**Input data:**
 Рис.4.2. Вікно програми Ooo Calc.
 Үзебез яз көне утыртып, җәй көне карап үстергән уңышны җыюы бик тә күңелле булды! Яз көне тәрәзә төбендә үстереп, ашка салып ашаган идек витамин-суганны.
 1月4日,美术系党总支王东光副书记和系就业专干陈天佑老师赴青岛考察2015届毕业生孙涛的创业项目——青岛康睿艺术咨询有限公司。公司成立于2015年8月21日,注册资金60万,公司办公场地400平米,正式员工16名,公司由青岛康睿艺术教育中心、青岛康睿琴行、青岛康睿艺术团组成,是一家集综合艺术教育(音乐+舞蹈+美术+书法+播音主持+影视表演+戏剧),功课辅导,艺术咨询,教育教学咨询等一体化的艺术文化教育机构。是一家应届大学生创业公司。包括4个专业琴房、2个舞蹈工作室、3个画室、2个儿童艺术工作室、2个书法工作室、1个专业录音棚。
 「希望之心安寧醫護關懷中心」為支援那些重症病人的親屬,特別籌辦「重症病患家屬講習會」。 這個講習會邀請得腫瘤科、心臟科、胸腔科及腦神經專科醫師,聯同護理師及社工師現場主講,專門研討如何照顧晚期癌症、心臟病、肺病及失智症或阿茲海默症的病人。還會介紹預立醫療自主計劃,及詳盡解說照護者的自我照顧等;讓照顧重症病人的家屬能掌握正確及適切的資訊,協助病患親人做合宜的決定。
--
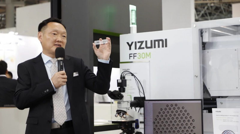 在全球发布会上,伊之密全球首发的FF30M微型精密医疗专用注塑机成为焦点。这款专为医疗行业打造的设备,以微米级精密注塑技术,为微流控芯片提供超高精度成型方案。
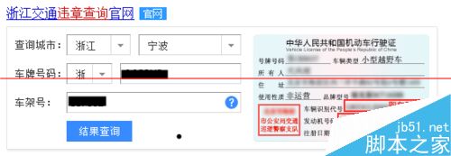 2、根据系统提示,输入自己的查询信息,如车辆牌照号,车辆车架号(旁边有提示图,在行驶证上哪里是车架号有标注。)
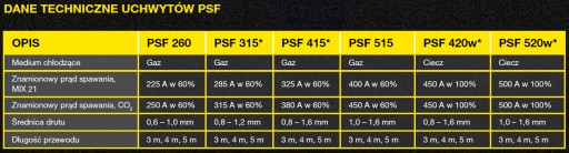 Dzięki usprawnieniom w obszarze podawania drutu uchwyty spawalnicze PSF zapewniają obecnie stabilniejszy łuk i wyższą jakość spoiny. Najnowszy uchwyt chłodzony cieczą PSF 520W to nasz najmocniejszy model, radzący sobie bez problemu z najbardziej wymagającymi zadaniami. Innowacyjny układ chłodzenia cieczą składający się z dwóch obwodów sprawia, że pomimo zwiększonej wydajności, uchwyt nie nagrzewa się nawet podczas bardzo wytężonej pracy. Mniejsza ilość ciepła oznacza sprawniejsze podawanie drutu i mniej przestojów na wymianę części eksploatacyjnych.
==
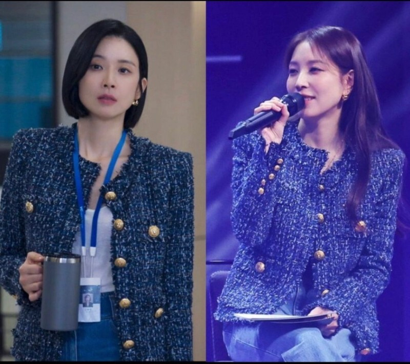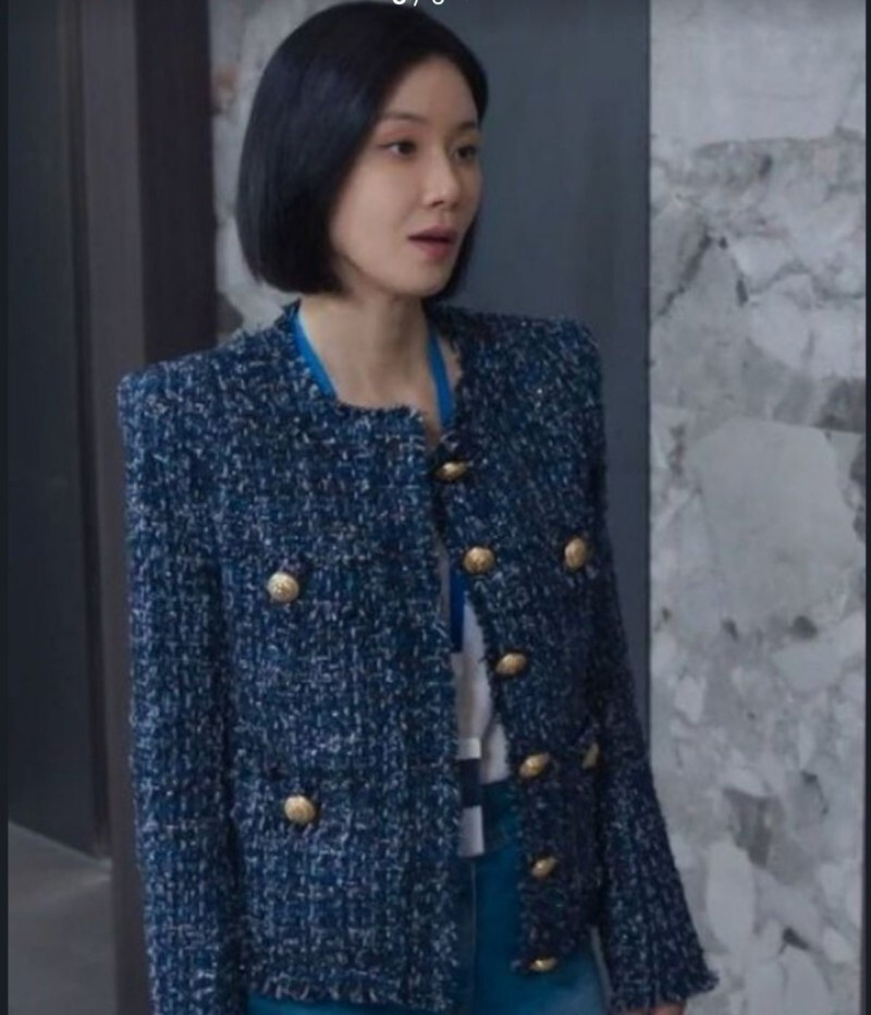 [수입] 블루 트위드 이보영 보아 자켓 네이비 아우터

**What to work on:** In the records above, find the line with "在全球发布会上,伊之密全球首". Print exactly from there through the line with "2、根据系统提示,输入自己的", minus the pictures.

**Output of the task:**
 在全球发布会上,伊之密全球首发的FF30M微型精密医疗专用注塑机成为焦点。这款专为医疗行业打造的设备,以微米级精密注塑技术,为微流控芯片提供超高精度成型方案。
 2、根据系统提示,输入自己的查询信息,如车辆牌照号,车辆车架号(旁边有提示图,在行驶证上哪里是车架号有标注。)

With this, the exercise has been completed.